However, in continuing to deny the European Parliament the exclusive or predominant
legislative role parliaments characteristically have in established parliamentary democracies,
the Constitutional Treaty gives expression to the fact that the European Parliament continues
to be elected by national electorates rather than one European electorate. Indeed, arguably the
most significant way in which the text seeks to strengthen the democratic basis of the Union
does not concern the European Parliament at all, but aims to do so through the proposed re-
definition of qualified majority voting in the Council, designed to *64 ensure a more
meaningful relation between the population size of a member and its influence in the Council
of Ministers. [FN43] This attempt to strenghten the majority principle at the level of the
Council rather than by increasing its accountability to the European Parliament reinforces the
view that the Constitutional Treaty does not question the central contention by the Federal
Constitutional Court that democratic legitimacy continues to be mediated through national
parliaments and that, under the present cultural, social and political conditions the European
Parliament cannot have more than a supporting legitimating function. Furthermore, as much
of the reasoning of the Constitutional Court in this regard far exceeds purely legal arguments
and is concerned with the long-term pre-legal constraints on European integration, it is
difficult to see how its reservations could be overcome in the absence of far-reaching cultural
and social changes on the way to the formation of a common European political identity and
of a recognisable EU-wide public opinion. Institutional and legal change may contribute to
such changes but they cannot engineer them. In any event, the Constitutional Treaty does not
propose a great constitutional leap forward in trying to create a direct democratic basis for the
European Union.

The argument from fundamental freedoms

The Court's argument emphasising the need for protection of fundamental rights under
the German constitution can be contrasted with the other arguments in several important
ways. First, the arguments revolving around the notions of democratic legitimacy and
parliamentary assent are contingent on the cultural and social status quo and the prevailing
political culture, and the Court acknowledges at least in principle the gradual evolution of a
European people which could gradually evolve into a second independent democratic basis
for the law-making institutions of the European Union. The Court's concern for fundamental
rights, by contrast, invokes a standard of protection, which, at least within the framework of
the existing German constitution, is absolute and immutable. Secondly, even though the
concept of democratic legitimacy is not linked to a fixed locus, the Court made clear that it
would not lightly and not for a long time lift its constitutional proviso linking the transfer of
further powers with the need for parliamentary legitimation. By contrast, the Court's
approach to the protection of fundamental rights has, over less than three decades, changed
considerably in response to the rapid development by the ECJ of a case-based framework of
rights-protection which persuaded the Constitutional Court to suspend its monitoring function
in favour of one of operational reliance on effective human rights enforcement by the ECJ.

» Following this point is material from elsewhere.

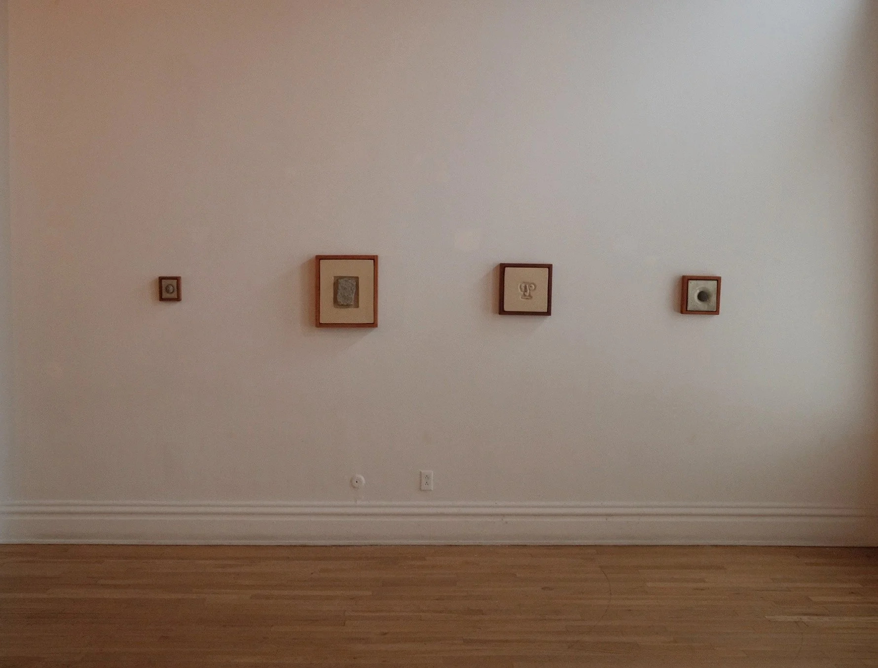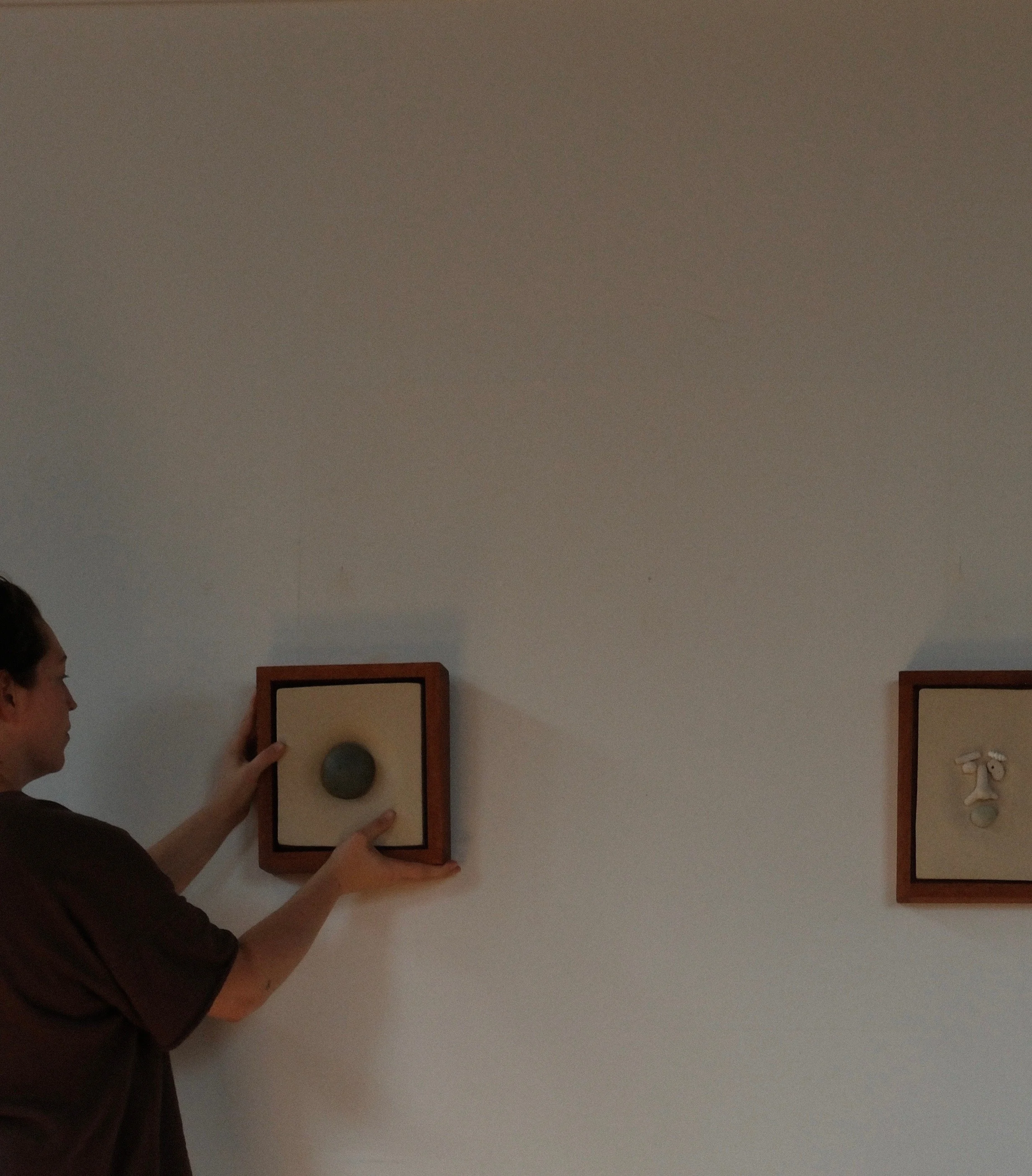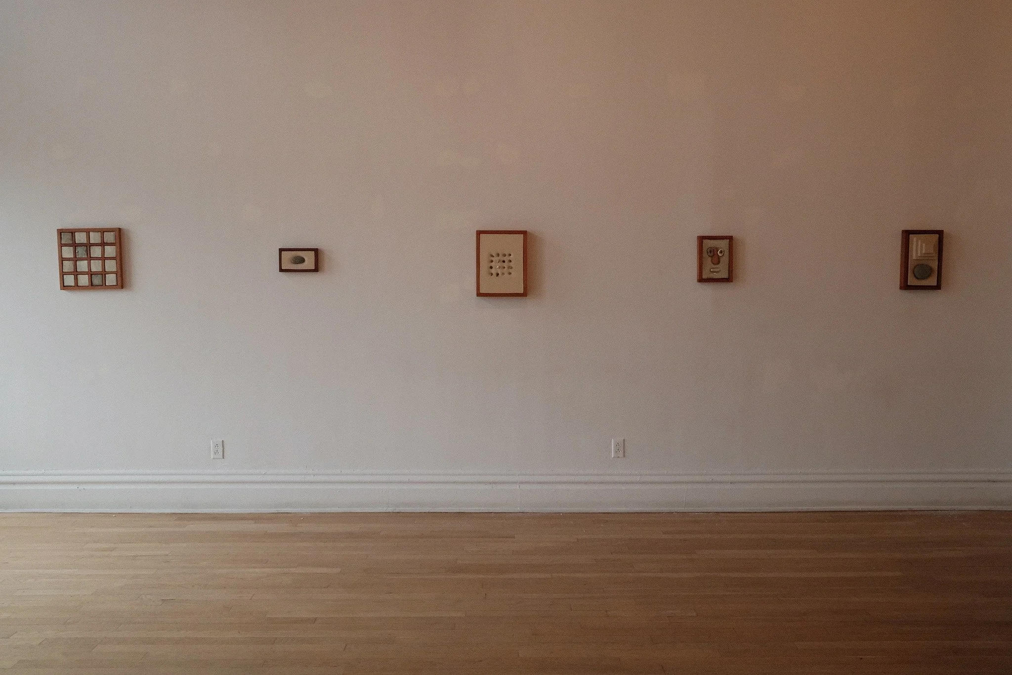 A collection of new works made in ceramic, wood and stone by Elise Birnbaum, framed in mahogany by Aisha Bigwood.
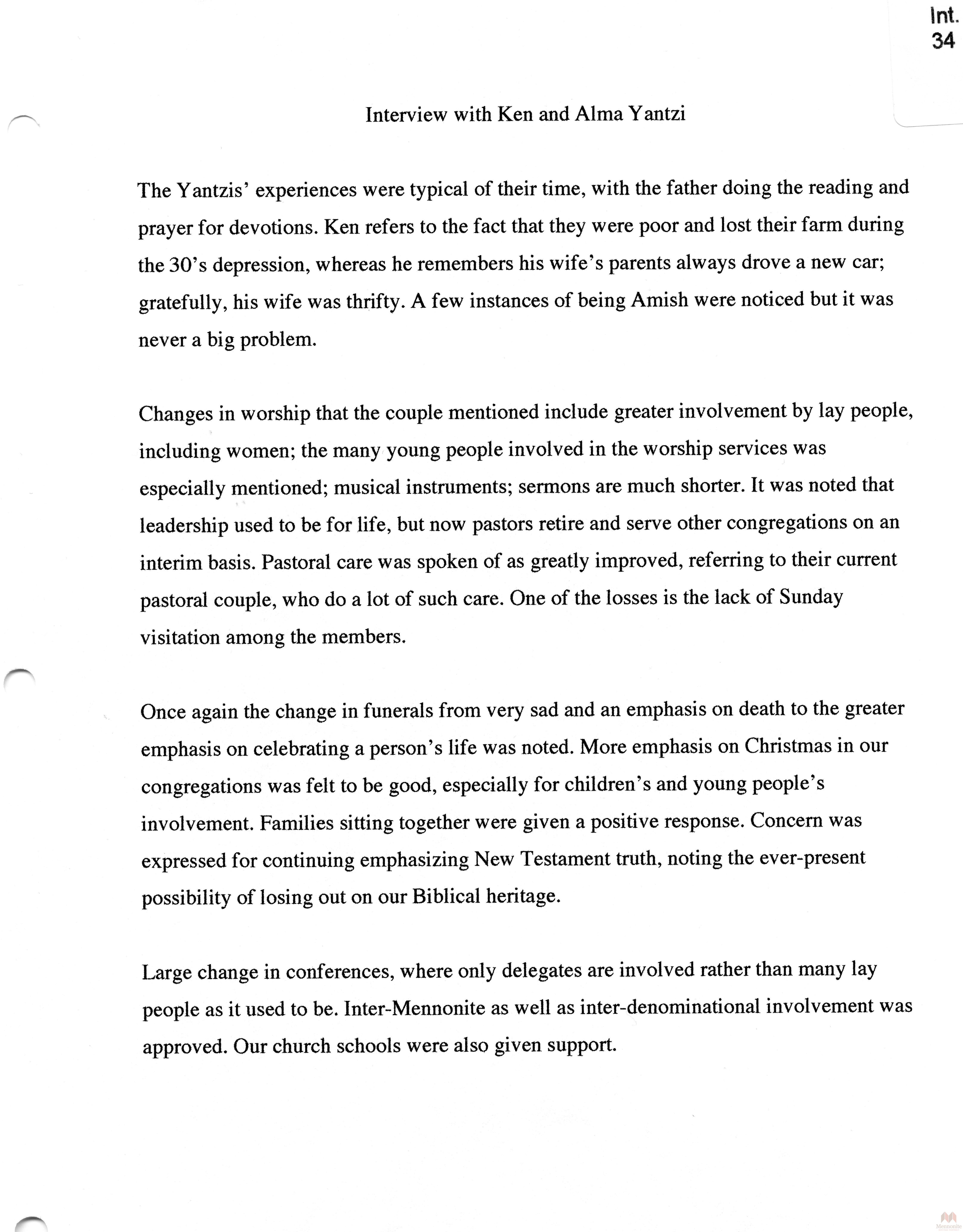 From the collection:Hist.Mss.22.7 Oral History, Amish Mennonite Experience in Ontario - Summeries & Releases

Thirdly, whereas the provisions of the Constitutional Treaty do not obviously or not
necessarily affect the Court's reasoning in most aspects of the Maastricht decision, the
incorporation of the Charter of Fundamental Rights into the new proposed EU constitutional
structure as envisaged under the Constitutional Treaty would amount, at least in theory, to the
opening of a new chapter in the Community's approach to the protection of human rights. It is
less clear, however, how, if at all, the EU's new emphasis on human rights may affect the
position of the German Constitutional Court which first took heed of the ECJ's development
of a general policy of the judicial protection of fundamental rights in the Solange II decision
and, in the same *65 case, recognised that the general level of protection of fundamental
rights at EU level no longer required it to exercise its jurisdiction over the applicability of
secondary Community legislation. The Maastricht judgment expressly affirmed this decision.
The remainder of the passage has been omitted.